How to parse the respond url without actually open the webpage in python?

325 views Asked by At

I am now woking on a sina weibo crawler using its api. In order to use api, I have to access oauth2 authorizing page to retrive the code from url.

This is exactly how I do:

  1. Use my app_key and app_secret (both known)

  2. get the url of oauth2 webpage

  3. copy and paste the code from Respond URL manually.

This is my code:

#call official SDK
client = APIClient(app_key=APP_KEY, app_secret=APP_SECRET, redirect_uri=CALLBACK_URL)

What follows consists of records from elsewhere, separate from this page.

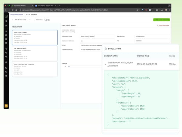 Connektica provides an open framework to connect and control test instruments, sensors, cameras, robots, and other equipment via APIs or custom scripts. Data from all sources is collected in real time and stored in a centralized and standardized format, enabling full traceability across parts, serial numbers, processes, and test results.
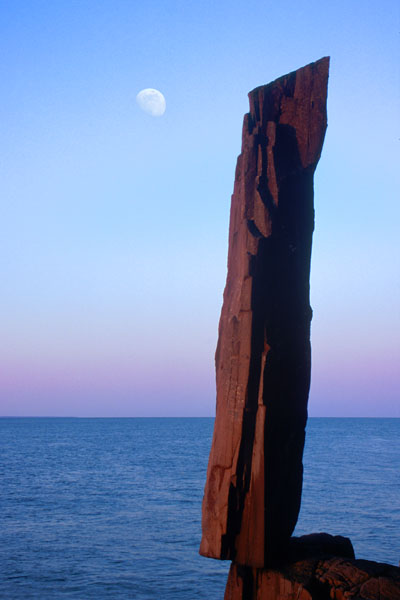 On Long Island in Nova Scotia, the Balancing Rock is an immense basalt column left standing where the surrounding columns have fallen away over time. This unique formation was suggested for this website by a resident of the province, who writes, "There is a hiking trail that goes right out past the base of the rock along the edge of the water and people can get right up to the rock if they are in the area." The stunning photographs (open the second, larger view) shown here are provided courtesy Mirrorlock Photography.
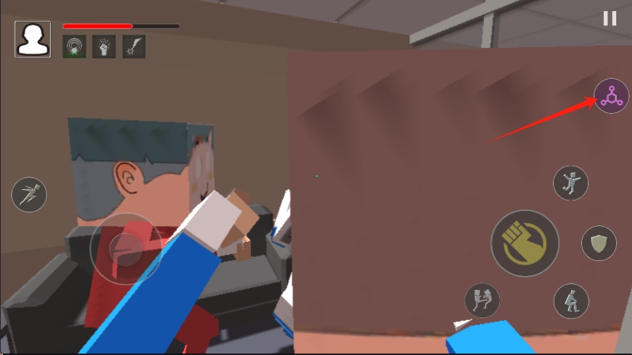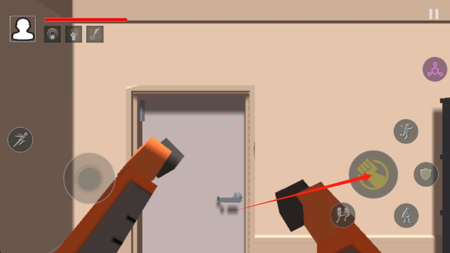 1、游戏中,点击右侧拳头图标,可发动近战攻击,用应对近距离的敌人或障碍物,近距离战斗手段。
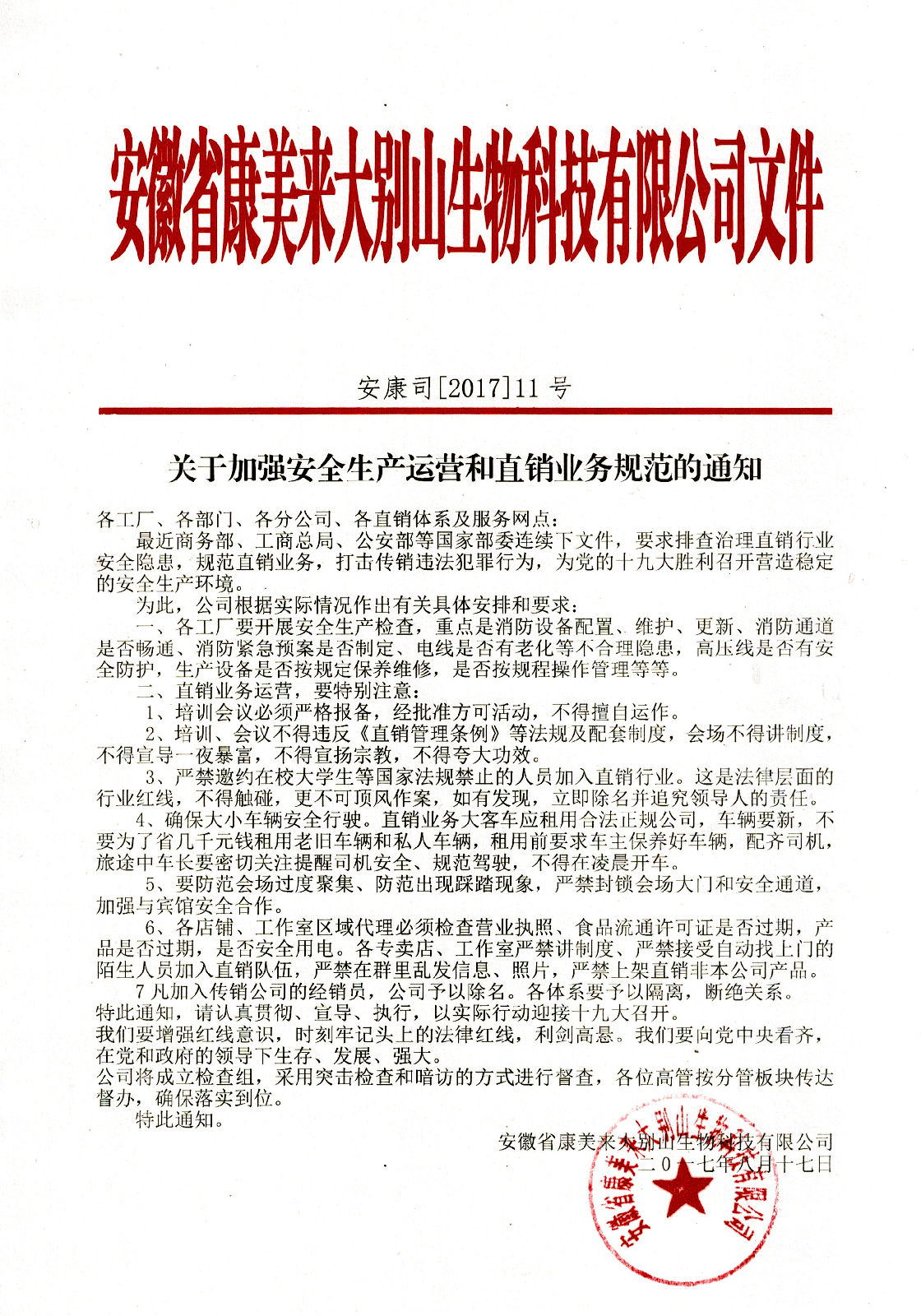 關于加強安全生產運營和直銷業務規范的通知
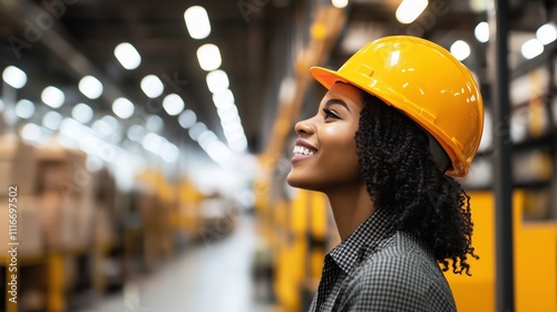 Worker in a warehouse wearing a safety helmet and smiling while taking a break in a well-lit industrial space

#get url of callback page of authorization
url = client.get_authorize_url()
print url

#open webpage in browser
webbrowser.open_new(url)

#after the webpage responding, parse the code part in the url manually
print 'parse the string after 'code=' in url:'
code = raw_input()

My Question is exactly how to get rid of the manually parsing part?

Reference: http://blog.csdn.net/liuxuejiang158blog/article/details/30042493

1

There are 1 answers

3
SRC On

To get the contents of a page using requests, you can do like this

import requests

url = "http://example.com"

r = requests.get(url)

print r.text

You can see details of the requests library here. You can use pip to install it into your virtualenv / python dist.

For writing crawler, you can also use scrapy.

And finally, I did not understand one thing, if you have a official client then why do you need to parse the contents of an URL to get data. Doesn't the client give you data using some nice and easy to use functions?